DATASET EXCERPT Start Marker

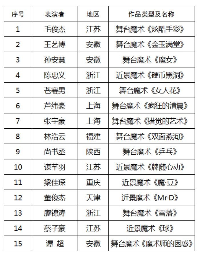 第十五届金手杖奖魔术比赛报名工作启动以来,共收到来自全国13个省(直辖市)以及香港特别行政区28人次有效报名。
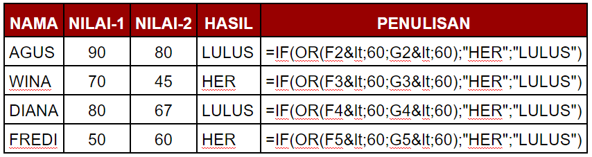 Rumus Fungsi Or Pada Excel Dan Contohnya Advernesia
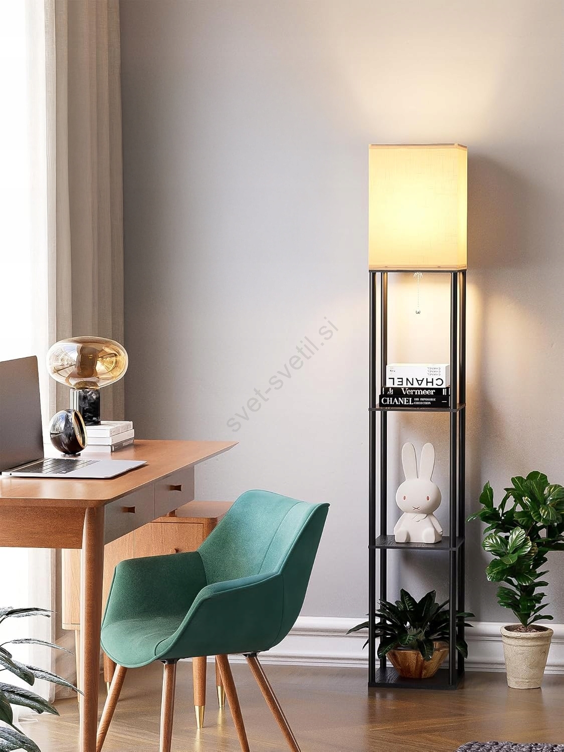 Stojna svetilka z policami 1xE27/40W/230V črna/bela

DATASET EXCERPT End Marker

[TASK REQUIREMENTS]:
Every line of the data should be transcribed exactly. Omit the images.

[ANSWER TO THIS EXERCISE]:
 第十五届金手杖奖魔术比赛报名工作启动以来,共收到来自全国13个省(直辖市)以及香港特别行政区28人次有效报名。
 Rumus Fungsi Or Pada Excel Dan Contohnya Advernesia
 Stojna svetilka z policami 1xE27/40W/230V črna/bela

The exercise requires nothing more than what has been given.